Looking for suggestions for how to implement a solution to a boiler that has already been installed but is lacking the dimension A height. Add a feed pump? Do I have to trap all returns? What about adding a inverted loop water seal before the pump?

Thanks in advance

Comments

  • Jamie HallJamie Hall Posts: 11,857Member
    Can you post photos of the installation so we can see what the problem is?
    Br. Jamie, osb

    Building superintendent/caretaker, 7200 sq. ft. historic house museum with dependencies in New England.
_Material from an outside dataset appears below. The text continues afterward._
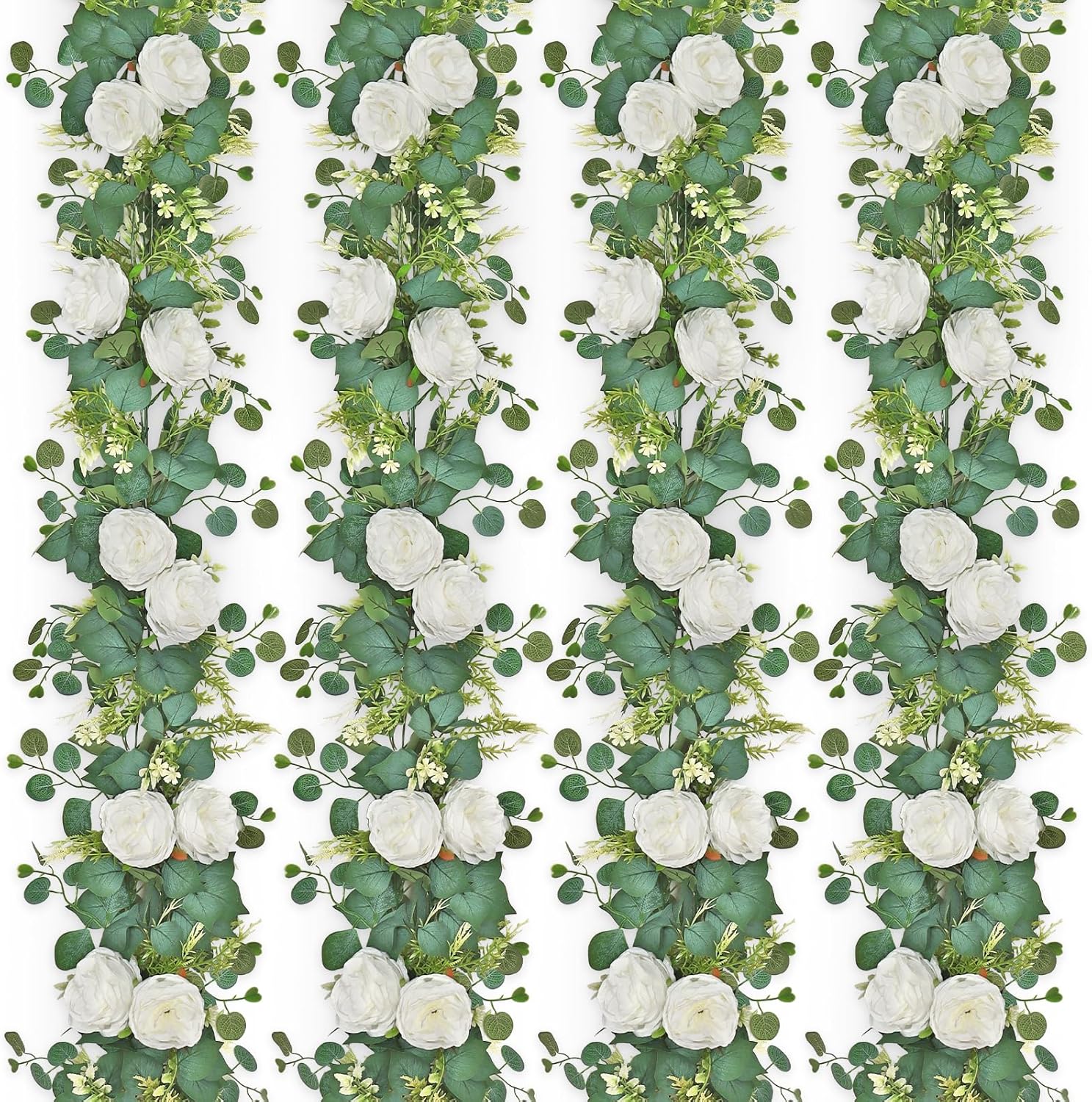 - Package Included: The package includes 4PCS artificial eucalyptus garland with peony flowers. Each piece of flower vine is 6.23Ft/1.9M long and decorated with 7 white peony, some little white flowers and eucalyptus leaves. It is Easy to trim or bend the shape to your liking and decorating needs.

    Hoffman Equipped System (all original except boiler), Weil-Mclain 580, 2.75 gph Carlin, Vapourstat 0.5 -- 6.0 ounces per square inch
  • Cabinfvr1Cabinfvr1 Posts: 2Member
    Sorry, don't have any. I hopefully can describe in more detail. Approximately 1,000,000 BTU, Single pipe steam with multiple dry returns. The boiler was raised on a pad. My dimension A is as low as 10" depending on which return I measure. Water flooding the returns and spitting out vents.
  • Hap_HazzardHap_Hazzard Posts: 1,930Member
    So, is it just the returns that are too low, or are the mains less than 28" above the water level?
    Just another DIYer | King of Prussia, PA

    1983(?) Peerless G-561-W-S | 3" drop header, CG400-1090, VXT-24
  • dopey27177dopey27177 Posts: 115Member
    Although this suggestion is costly it will need to be done one time and your problem will go away.
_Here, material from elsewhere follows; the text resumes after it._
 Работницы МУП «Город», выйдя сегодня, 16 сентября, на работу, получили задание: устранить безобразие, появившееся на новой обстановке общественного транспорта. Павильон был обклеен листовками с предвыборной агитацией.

    Make all your dry returns wet returns. When that is considered the main vents need to be relocated to the highest point on the dry side of the return.

    Te wet returns will need to be 11/4" up to the point where all the dry returns are tied together and enter the boiler thru the Hartford loop. The twined new wet return needs to be 11/2".

    Make sure drain Ts and valves are installed on each individual return so the y can be periodically drained and flushed, this includes the section of 11/2" pipe.

    The new wet returns can be supported on the basement wall with J hangers.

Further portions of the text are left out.